After the Alabama story broke, I started asking current and former college students to talk about Greek system racism they’d seen at their Southern schools. I imagined gathering stories that showed a clear pattern of offenses and publishing a list of schools or organizations where things had happened over and over again.

It quickly became messier. It wasn’t simply a matter of naming particular chapters with bad histories, or specific national organizations that had always turned a blind eye. Racism seemed to have touched every Southern school explicitly, permitted to propagate by the fully grown adults in charge. The college structure allows Greek organizations to institutionalize racism through a system that feeds off of homogeneity and hierarchy—and it has done this for decades, passing off the blame.

“Sadly, the real answer to why this problem persists is a little hard for people to grasp, specifically those who aren’t from the South,” said Greg*, a Sigma Nu who graduated from Louisiana State University. He explained that every entity involved in the Greek system—from its students to college administrations to the national fraternities themselves—expect the other to handle it: “It continues to exist because people involved in the system, whether incoming freshman or active members (on a wide scale) are not clamoring for it to change.”

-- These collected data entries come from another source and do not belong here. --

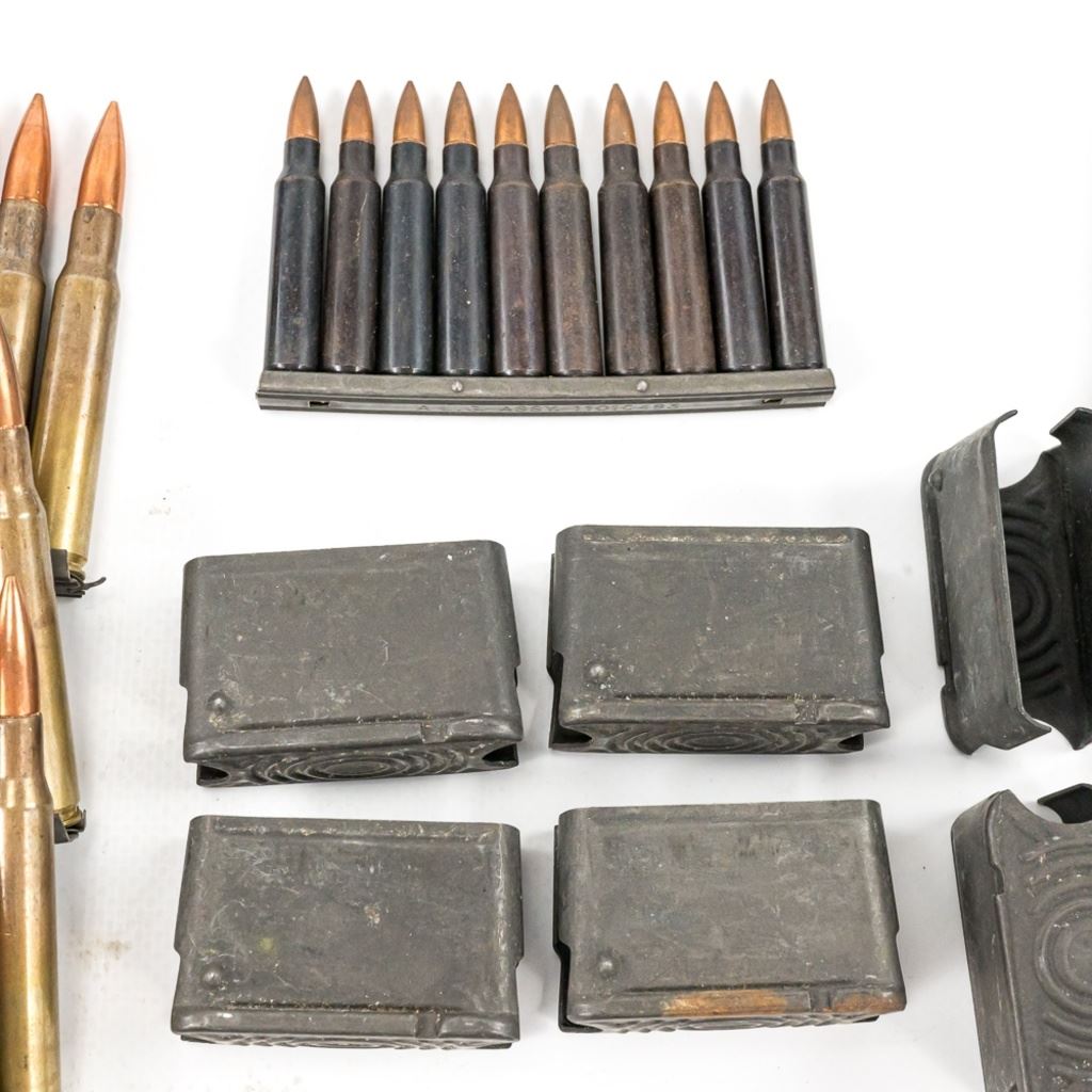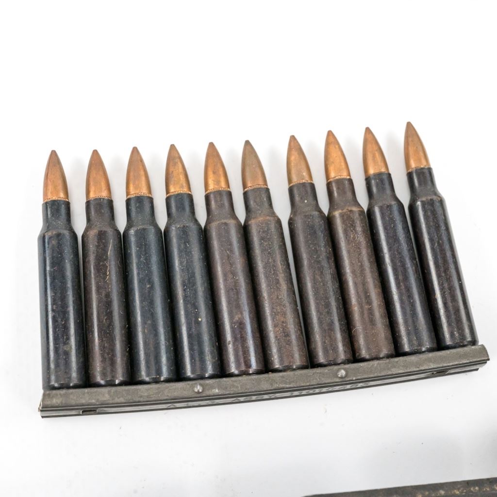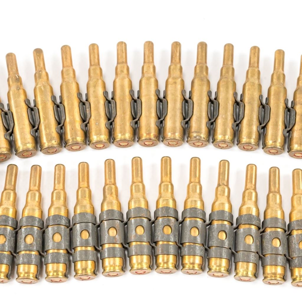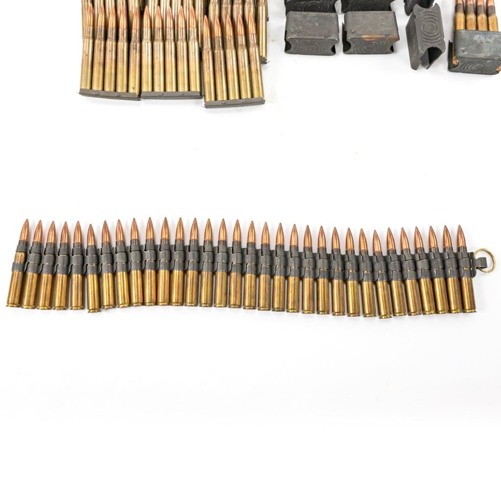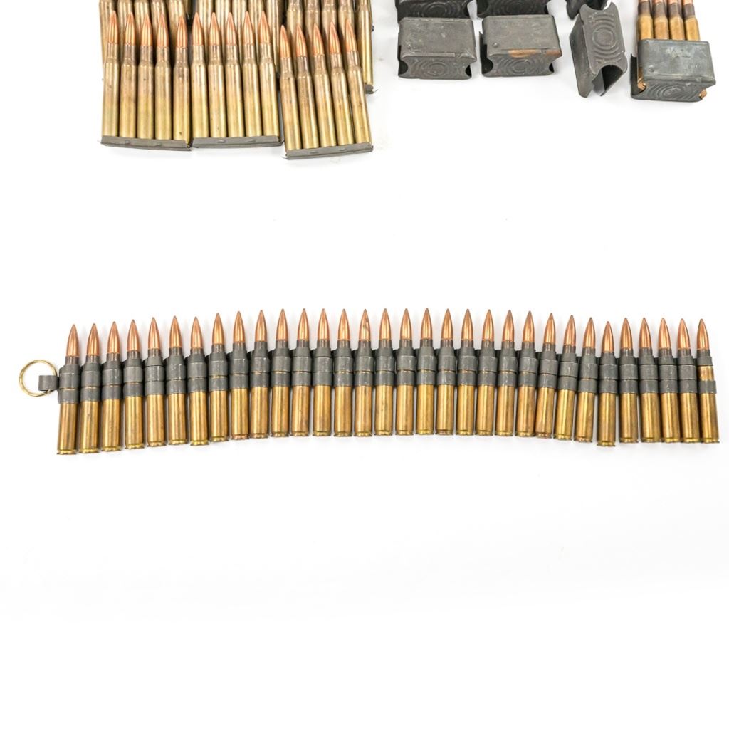 32x linked rounds LC54, 74x linked LC67 BLANKS, 16x rds LC57 in Enblocs, 60rds BN40 in strippers, 6x empty Enblocs IN COMPLIANCE WITH ILLINOIS LAW, ALL AMMUNITION, PRIMERS AND GUNPOWDER SALES TO ILLINOIS RESIDENTS MUST BE ACCOMPANIED WITH A VALID FOID CARD FROM THE ACTUAL PURCHASER AND MUST WAIT FOR AN ELECTRONIC VERIFICATION BY THE STATE BEFORE TAKING HOME.
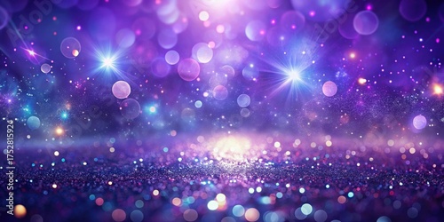 Shimmering Purple and Blue Glitter Background with Sparkling Lights and Bokeh Effects
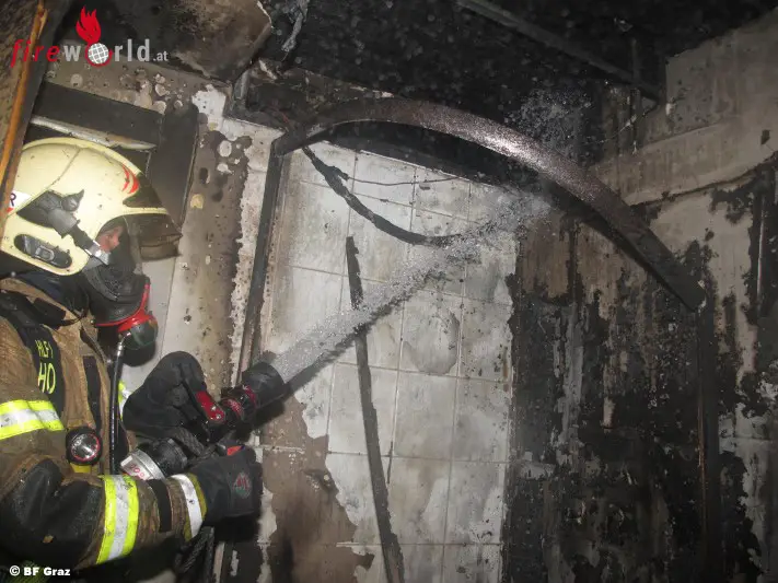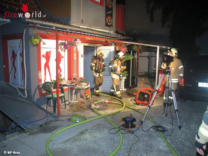 Stmk: Heißer Einsatz für die Grazer Berufsfeuerwehr → ausgedehnter Zimmerbrand im Laufhaus
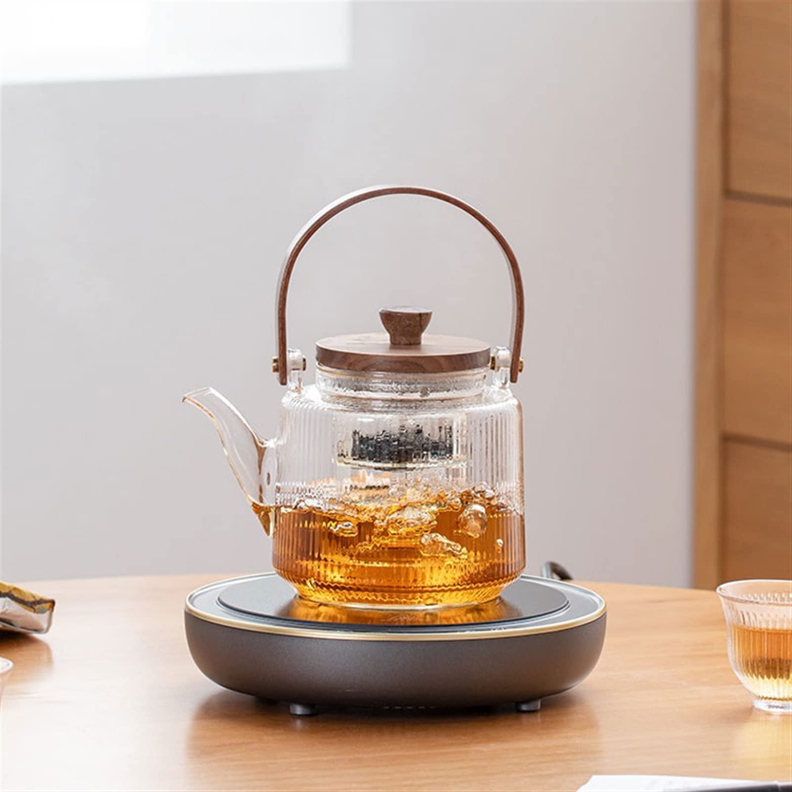 Théière Design élégant Facile Nettoyer Théière Sûre Pour Cuisinière, Verre Borosilicaté Transparent, Infuseur Théière Verre Bouilloire Théière en Verre 750ml-1,5L | Mon Armoire à Thé Transparent Théière en verre borosilicate, bouilloire, grande théière... Conçue en verre borosilicate de haute qualité, capable de supporter des températures de -20 °C à 150 °C, elle allie élégance et robustesse. Son bec verseur en forme d’aigle garantit un écoulement fluide et précis, tandis que sa poignée ergonomique assure un confort optimal à chaque service. Profitez d’une infusion parfaite grâce à son filtre avancé et amovible, conçu pour le thé en vrac comme pour les délicates infusions florales. Offrez-vous une expérience de dégustation raffinée avec cette théière en verre de 800 ml, équipée d’un filtre en acier inoxydable résistant à la chaleur. Pour encore plus de flexibilité, le couvercle s’utilise aussi sans l’infuseur. Il est également possible de réchauffer votre thé délicatement sur une cuisinière à gaz ou électrique, au moyen d’un four à micro-ondes, ou de le maintenir à température à l’aide d’un chauffe-théière à flamme nue. Pour une infusion à froid, vous pouvez le placer au réfrigérateur ou l’exposer à la lumière directe du soleil. Convient aussi bien au froid qu'au chaud : il reste intact même si vous remplissez immédiatement la théière congelée avec de l'eau bouillante. Facile à utiliser : cette théière avec infuseur est un ensemble complet qui est facilement amovible pour préparer du thé en vrac et de l'eau bouillante
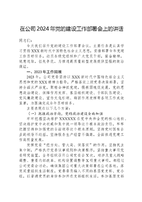 在公司2024年党的建设工作部署会上的讲话同志们:今天我们召开党的建设工作部署会议,主要任务是认真学习贯彻XXX新时代中国特色社会主义思想,安排部署今年党建工作目标任务,动员各级党组织和广大党员干部,振奋精神,锐意进取,创先争优,为推进高质量转型发展提供坚强的政治保证。一、2023年工作回顾2023年,公司党委坚持以XXX新时代中国特色社会主义思想和党的XXX精神为指导,严格落实上级党委决策部署,坚持全面从严治党,聚精会神抓党建,强根固魂促发展,党的思想政治建设、保障作用发挥、基层组织建设、干部队伍建设、党风廉政建设、宣传文化引领、群团作用发挥等各项工作成效显著,为圆满完成全年目标任务。主要表现在以下几个方面:(一)把握政治方向,党的政治建设全面加强牢牢把握坚决维护XXXXXX在党中央和全党的核心地位、坚决维护党中央权威和集中统一领导这个根本政治责任,牢牢把握坚持和加强党的全面领导这个根本原则,坚持党对国有企业的领导不动摇,坚持服务生产经营不偏离,全面推进党建工作高质量发展。发挥党委把方向、管大局、保落实的作用。坚持民主集中制,严格执行党委议事规则和决策程序,坚持重大事项党委研究前置,全年组织召开公司党委会X次,对涉及重大战略调整、重要内部改革、机构设置调整等X项重大事项,都经过公司党委会讨论,确保集团公司重大决策部署在公司落地。落实双重组织生活制度,党委委员编入不同的基层党支部、党小组,以普通党员的身份参加所在支部组织生活,参加基层支部安全活动、学习座谈、主题党日,坚持每季度到分管领域各党支部指导党建和党风廉政建设工作,更好地接受党内外群众监督,了解基层情况。(二)坚持新思想引领,XXX新时代中国特色社会主义思想和XXX精神全面落地把推进XXX新时代中国特色社会主义思想和XXX精神学习宣贯作为首要政治任务,邀请X教授讲授《中国共产党光辉历程》。开展新时代新使命新担当主题党日活动,各基层党支部灵活创新地开展了集中学习、集中研讨、专题党课、重温入党誓词、撰写初心故事、谈心谈话、义务劳动等丰富多彩的活动。开展社会主义是干出来的岗位建功行动的部署要求,下发了《关于开展社会主义是干出来的岗位建功行动实施方案的通知》,以实现全覆盖的五步法,全面启动了社会主义是干出来的岗位建功行动,微信公众号发布X期大国顶梁柱宣讲,并开设了道德大讲堂《我们身边的顶梁柱宣讲》,将学习教育延伸到基层、覆盖到全体党员,引领党员干部建功新时代、创造新业绩。(三)三基建设稳步推进,基层组织力全面提升对组织建设、党员管理、党费收缴、党支部三会一课等基本制度的落实进行自查整改,对三会一课记录不规范、发展党员工作中谈心谈话制度落实不好、思想动态分析笼统空泛、党小组设置不合理、党费收缴记录不规范等不足进行了全面的整改,各项基础工作不断规范完善,各基层支部都能按照主要业务工作、党群团青工作、廉政建设、职工思想动态情况、下季度工作计划、工作建议六大板块完成季度汇报材料。按照程序对退休党组织机构进行了调整,成立离退办党总支,下设四个党支部,确保退休党组织管理职责清晰,退休党员党建工作、退休人员管理服务工作归属明确。遵循四个有利于的原则,对党小组进行全面梳理,共设置调整了XX个党小组,撤销了管理、科办党小组,将全部管理人员、支委成员编入各党小组,督导党小组发挥作用,更加贴近群众。按照三同时原则,机构、人员变动的部门或支部,支委委员同步调整。在支委委员的设置上,引入党员生产骨干、党员班组长、年轻党员担任支委委员,发挥民主决策与民主监督,凝聚基层力量。加大生产经营一线、青年骨干中发展党员比例2023年共发展党员8名,其中一线职工7名。(四)廉政建设力度不减,两个责任全面履行严抓主体责任落实。坚持党建党廉工作同安排同部署,定期听取纪检监察工作汇报,每季度听取各部门、各支部抓党建党廉工作汇报,支持纪委放心大胆地进行信访举报的核查工作。对新提任职的中层干部开展任前廉政谈话,有针对性地开展廉政提醒和约谈,约谈中层干部及管理人员XX人。加强日常监督检查。开展专项效能监察X项,对提出整改建议XX条,均落实责任予以整改。对落实两个责任进行了联合检查和考评,针对发现的问题,督促有关部门进行整改,对后勤系统采购、副产品市场销售、物资采购流标以及标底保密等重点领域和关键环节加大了监督检查力度,不定期巡查XX余次,抽样检查近XX个,有力震慑了掺假行为,维护了企业利益。二、存在的差距和不足我们基层党建工作仍然存在着一些差距和不足,主要表现在以下几个方面:基层党建工作不平衡,基层组织建设还有薄弱环节;政治理论学习还有差距,学习的系统性、针对性不够,没有做到学深悟透;有的单位党建工作与中心工作结合不紧,两张皮的问题依然存在;党风廉政建设标准不高
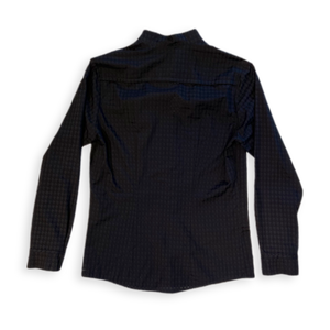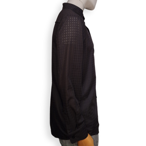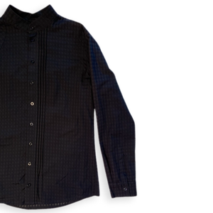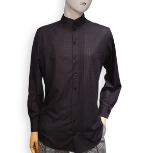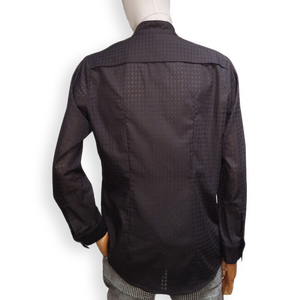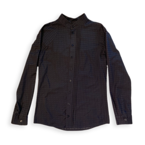 Dieses schlicht und elegant wirkende Hemd lebt von seiner Asymmetrie. Bei genauerer Betrachtung erkennt man die raffinierten Details, die das Kleidungsstück zu etwas ganz Besonderem und Hochwertigem macht. Der leicht transparente edle Stoff mit Hahnentrittmuster (Ausbrenner) rundet das Ganze ab.
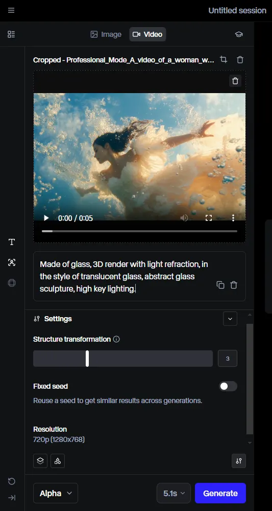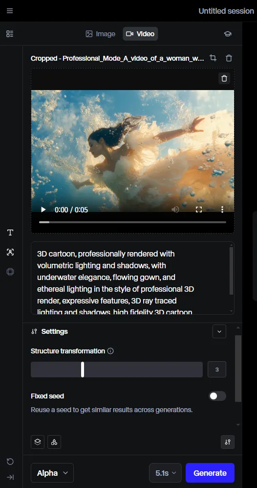 변환하고자 하는 영상을 업로드한 후, 원하는 스타일이나 분위기를 설명하는 텍스트 프롬프트를 입력하여 영상을 재구성할 수 있습니다. 예를 들어, "수채화 그림 스타일" 또는 "사이버펑크 도시 배경"과 같은 프롬프트를 통해 다양한 시각적 변화를 줄 수 있습니다. Sora의 Remix Strength와 마찬가지로 구조 변환 슬라이더(Structure Transformation Slider)를 통해 원본 영상의 구조를 얼마나 유지할지 조절할 수 있습니다. 낮은 값은 원본 영상의 구조를 더 많이 유지하며, 높은 값은 원본 영상에서 더 벗어난 창의적인 변환을 가능하게 합니다. 고정 시드에 대해서는 생성 이미지 및 영상에서 기본적인 사항이기 때문에 따로 설명은 생략하겠습니다.
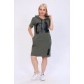 Женская туника из легкого трикотажного материала тонкого хлопка - кулирки. Свободная, спортивная, с капюшоном - её вполне можно использовать как летний вечерний костюм, как повседневный домашний наряд или как легкое праздничное или офисное платье. Благодаря свободному крою, туника отлично подойдет полным и пышным женщинам, беременным девушкам и кормящим мамам. Модный, нарядный черный принт в виде крупных и мелких латинских букв актуален всегда и придает изделию особый шик. Карманы спрятаны в боковых швах для вашего удобства.
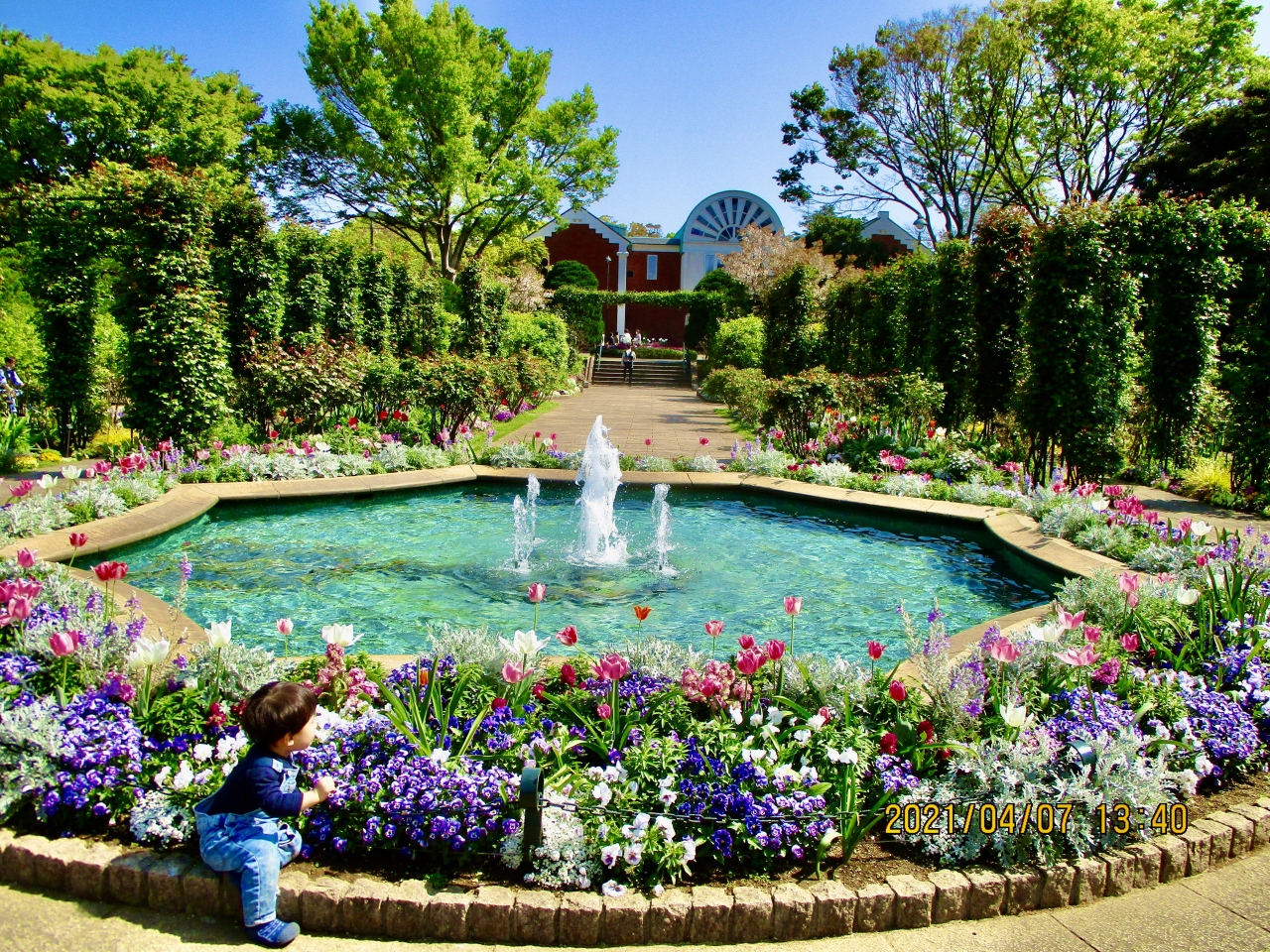 4月7日に行きました。5月3日からローズウイークが始まりますが、ガーデンネックレスというイベントを開催中で、色々なお花で綺麗に飾られていました。この辺りが香りの庭で、ローズガーデンと共に薔薇が咲き乱れるのが楽しみです。
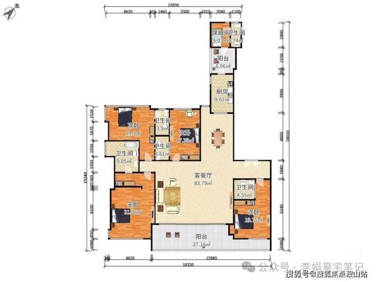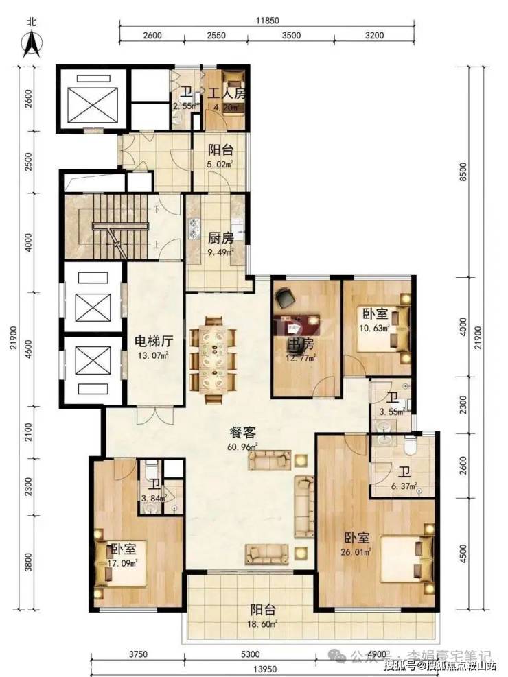 170㎡四房:套内面积达220㎡(赠送50㎡),三卧+客厅朝南,3梯2户专梯入户,保姆套房独立设计。
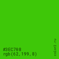 Цвет #3EC708 в цветовой модели RGB обозначается тремя октетами (62, 199, 8) в десятичном формате и #3EC708 в шестнадцатиричном (hex) формате, которые являются интенсивностью красного 62 (hex 3E), интенсивность зелёного 199 (hex C7) и интенсивность синего 8 (hex 08).
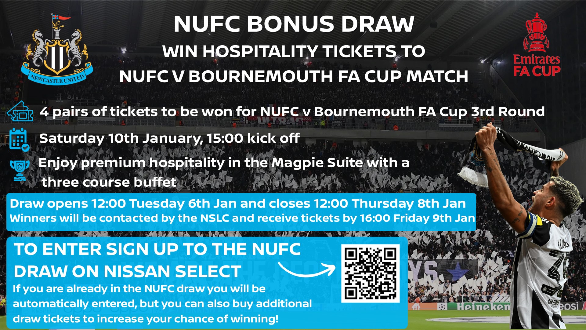 NUFC Bonus Draw - Win Hospitality Tickets to NUFC v Bournemouth FA Cup Match

What I heard from the students affirmed that the legacy of slavery still affects racial attitudes all over the South—living in students who refer to the black men they accept into their fraternities as “good” blacks, as one man who emailed me explained; or in men who admit that their fraternity doesn’t accept black members, as one woman recalled of one of Mizzou’s frats (which, she wrote, lost its charter after a black man was beaten up for trying to enter a party). It’s visible in the white women who have to be told not to use “nigger” (a seemingly frequent word of choice regardless of who is being addressed) around the black staff who clean their sorority houses, or to call them “the help.” It’s apparent to the black woman who finds out the only reason she’s been given a bid to a sorority is because she’s “best black one they were gonna get,” or the black man who is told by a white sorority sister that the entire college campus “doesn’t want them here, so they should all just go somewhere else.”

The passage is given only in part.